Court of Appeals of Georgia.
Feb 23, 1972.
188 S.E.2d 275
Howard P. Wallace, for appellants., Dunaway, Shelfer, Haas & Newberry, William S. Shelfer, Jr., for appellee.
Hall, Quillian, Pannell.
Cited by 21 opinions  |  Published
Hall, Presiding Judge.

In an action for injuries received by the son from a. dog, father and son plaintiffs, appeal from the grant of summary judgment to the defendant owner.

1. Appellee’s motion to dismiss is denied. Buffalo Holding Co. v. Shores, 124 Ga. App. 868 (186 SE2d 339).

2. The evidence is substantially undisputed. The issue is whether plaintiff has presented specific facts creating a genuine issue on scienter in rebuttal to defendant’s denial by affidavit that he had any knowledge the dog had ever attacked, bitten or menaced any person. Plaintiffs and defendant are next door neighbors. The court had the depositions of both sets of husbands and wives for consideration in passing upon this motion. All of them agree that to their knowledge the dog had never shown vicious tendencies toward a human being. In fact, the parents of the injured boy allowed their daughter to visit and play with the animal. However, the dog was kept chained or indoors most of the time because of complaints following some incidents with other animals. On one occasion he chased a cat; on another he engaged in a fight with another male shepherd over a female in heat; on another he unexplainedly went after a passing poodle.

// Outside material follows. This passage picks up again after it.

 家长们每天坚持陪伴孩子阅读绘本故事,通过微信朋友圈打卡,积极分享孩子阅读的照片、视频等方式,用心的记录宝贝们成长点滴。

Plaintiffs contend that knowledge of attacks on other animals, combined with the confinement, is sufficient to show defendant’s knowledge of the dog’s vicious tendencies and therefore to create liability under Code § 105-110.

We believe that knowledge or notice that a dog will behave[*558] ferociously toward other animals is not necessarily notice that it will attack human beings. See Prosser, Torts § 57 (2d Ed.); 2 Harper & James, Torts, § 14.11. This is an application of the broader rule: "It is not enough, however, that the possessor of the animal has reason to know that it has a propensity to do harm in one or more specific ways; it is necessary that he have reason to know of its propensity to do harm of the type which it inflicts.” 3 Restatement of Torts § 509, Comment g.

Submitted February 1, 1972 Decided February 23, 1972. Howard P. Wallace, for appellants. Dunaway, Shelfer, Haas & Newberry, William S. Shelfer, Jr., for appellee.

This rule was applied by this court to hold that knowledge that a horse has thrown a rider does not show a propensity to kick. Chandler v. Gately, 119 Ga. App. 513 (2) (167 SE2d 697). See also Starling v. Davis, 121 Ga. App. 428 (174 SE2d 214).

Without more than is shown here, we cannot say there is a jury issue on the question of knowledge that the dog had a propensity to attack human beings. While a previous attack would not necessarily be required, at least some form of menacing behavior would be. The evidence here does not show so much as a single growl. The trial court did not err in granting summary judgment.

Judgment affirmed.

Quillian, J., concurs. Pannell, J., concurs in the judgment only.